Top of GIVEN INFORMATION
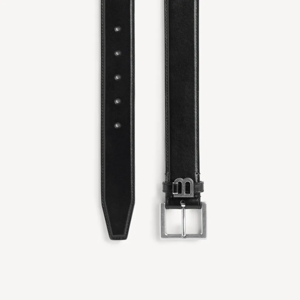 Black smooth calfskin belt with aged-silver hardware. Features 5 notches, a tone-on-tone leather loop with a metallic b logo, and balenciaga logo debossed at the end tip.
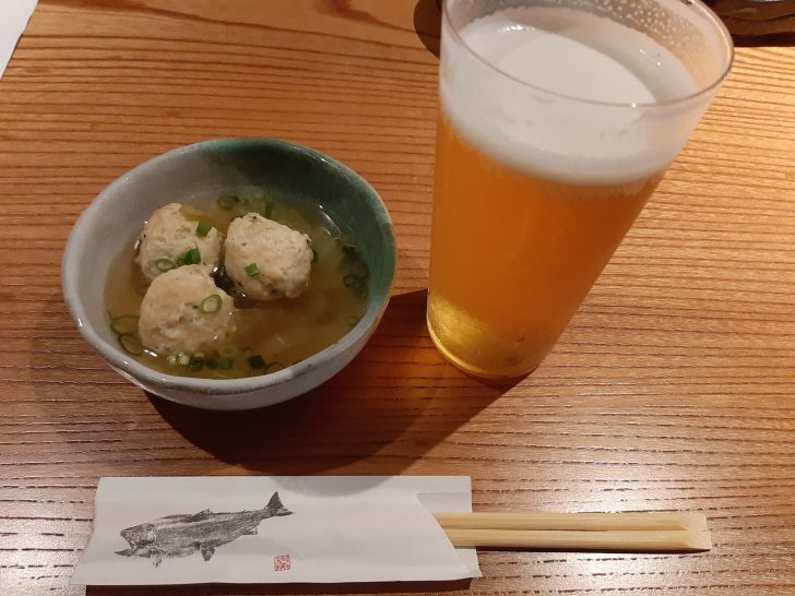 「ビール1杯付飲み放題」は、【1628円(税込)】です。まずは、生ビールを注文しました。それから、お通しは、つみれ汁ですね。【440円(税込)】取られますが、美味しかったです。
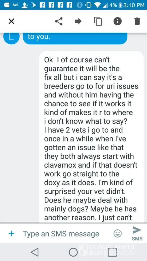And to totally absolve a breeder from any responsibility is ridiculous. I did take responsibility for my part. I take care of my cat and I dealt with it. I'm filing a complaint to warn future customers. That's me taking responsibility.
Bottom of GIVEN INFORMATION
▶ _WORK REQUIRED_:
For this exercise, transcribe the data exactly but without its pictures.

▶ _RESULT OF THIS EXERCISE_:
 Black smooth calfskin belt with aged-silver hardware. Features 5 notches, a tone-on-tone leather loop with a metallic b logo, and balenciaga logo debossed at the end tip.
 「ビール1杯付飲み放題」は、【1628円(税込)】です。まずは、生ビールを注文しました。それから、お通しは、つみれ汁ですね。【440円(税込)】取られますが、美味しかったです。
And to totally absolve a breeder from any responsibility is ridiculous. I did take responsibility for my part. I take care of my cat and I dealt with it. I'm filing a complaint to warn future customers. That's me taking responsibility.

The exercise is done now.